Event summary combining transcript, slides, and related documents.

Logotype for RateGain Travel Technologies Limited

Q3 25/26 earnings summary

16 Feb, 2026

Executive summary

  • Q3 FY 2026 was transformative, marked by the Sojern acquisition, creating a leading AI-driven travel tech platform serving over 13,000 brands globally and driving 94% year-on-year revenue growth and robust free cash flow.

  • Integration of Sojern delivered $12 million in annualized cost savings within 100 days, with full impact expected from Q1 FY 2027.

  • Focused on scalable growth, unified go-to-market structure, and sustainable profitability supported by a strong balance sheet.
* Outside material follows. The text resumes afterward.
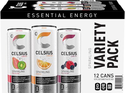 Celsius Sugar-Free Kiwi Guava, Orange, Wild Berry Variety Pack Sparkling Energy Drink, 12 fl. oz., 12 Cans/Carton (00097)
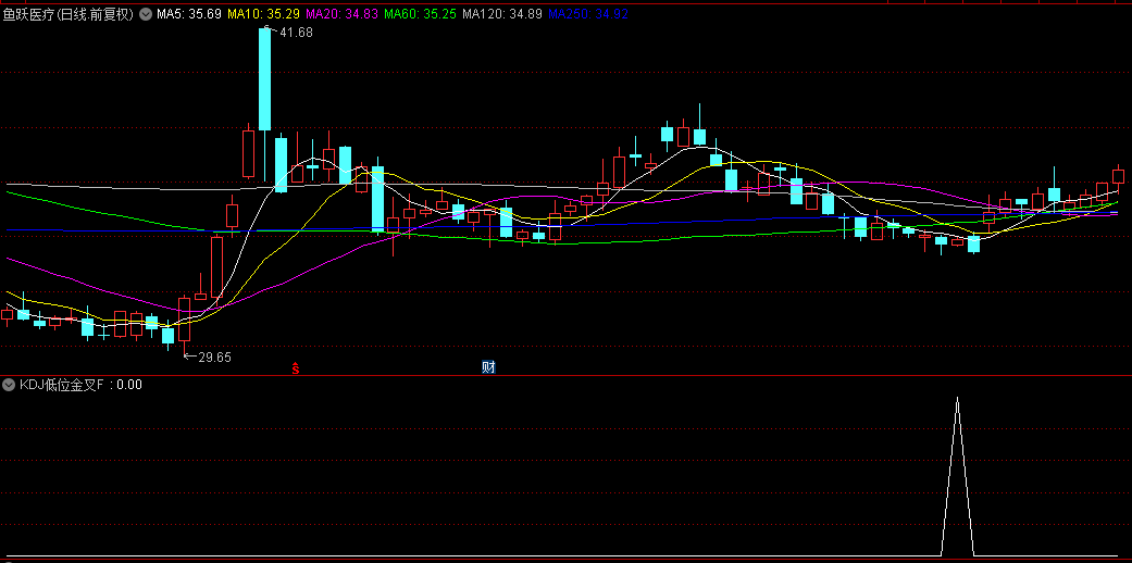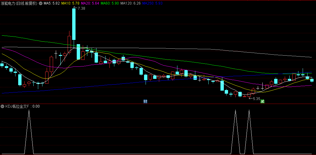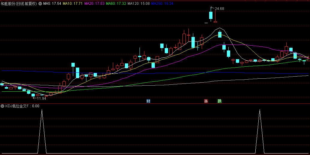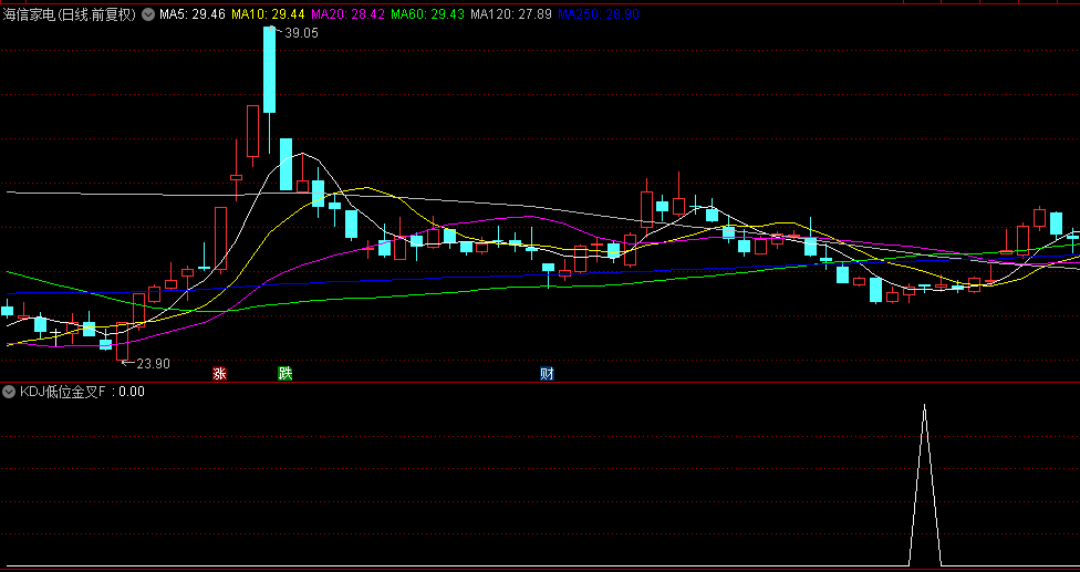 然后低位的条件,因为J值最大,最后 J<20,则限制了KDJ金叉时三条线的均在20下方,就是低位金叉。

  • Unaudited standalone and consolidated financial results for the quarter and nine months ended December 31, 2025, were approved and reviewed by the Board and auditors.

  • Results include the impact of the acquisition of Sojern Inc. and its subsidiaries, completed on November 6, 2025.

Financial highlights

  • Q3 FY2026 operating revenue grew 94% year-on-year to INR 5,400.3 million, including two months of Sojern revenue; 9MFY2026 revenue up 35.8% to INR 11,080.0 million.

  • Q3 EBITDA increased 41.7% YoY to INR 871.2 million (16.1% margin); 9MFY2026 EBITDA up 11.1% to INR 1,904.2 million (17.2% margin).

  • Q3 PAT declined 53.2% YoY to INR 264.5 million due to one-time acquisition expenses; adjusted PAT (excluding one-time costs) was INR 611 million, up 8% YoY.

  • Cash flow from operations for nine months was INR 1,500 million; Q3 alone generated INR 700 million.

  • Net worth stood at INR 18,600 million, with cash and equivalents at INR 3,617.1 million and net debt at INR 8,800 million as of December 31.

Outlook and guidance

  • Confident of beating FY 2026 organic revenue and EBITDA guidance; Q4 expected to deliver double-digit organic growth.

  • Full-year organic EBITDA margin expected between 17.5%-18%; Sojern's EBITDA margin expected to reach 18.5%-19.5% post-synergies.

  • Long-term sustainable consolidated EBITDA margin targeted at 18%-18.5%, with reinvestment of excess margins for growth.

  • FY 2027 guidance to be issued in May, but double-digit organic growth is anticipated.

  • Integration of Sojern progressing well, with cost synergies and organizational alignment underway.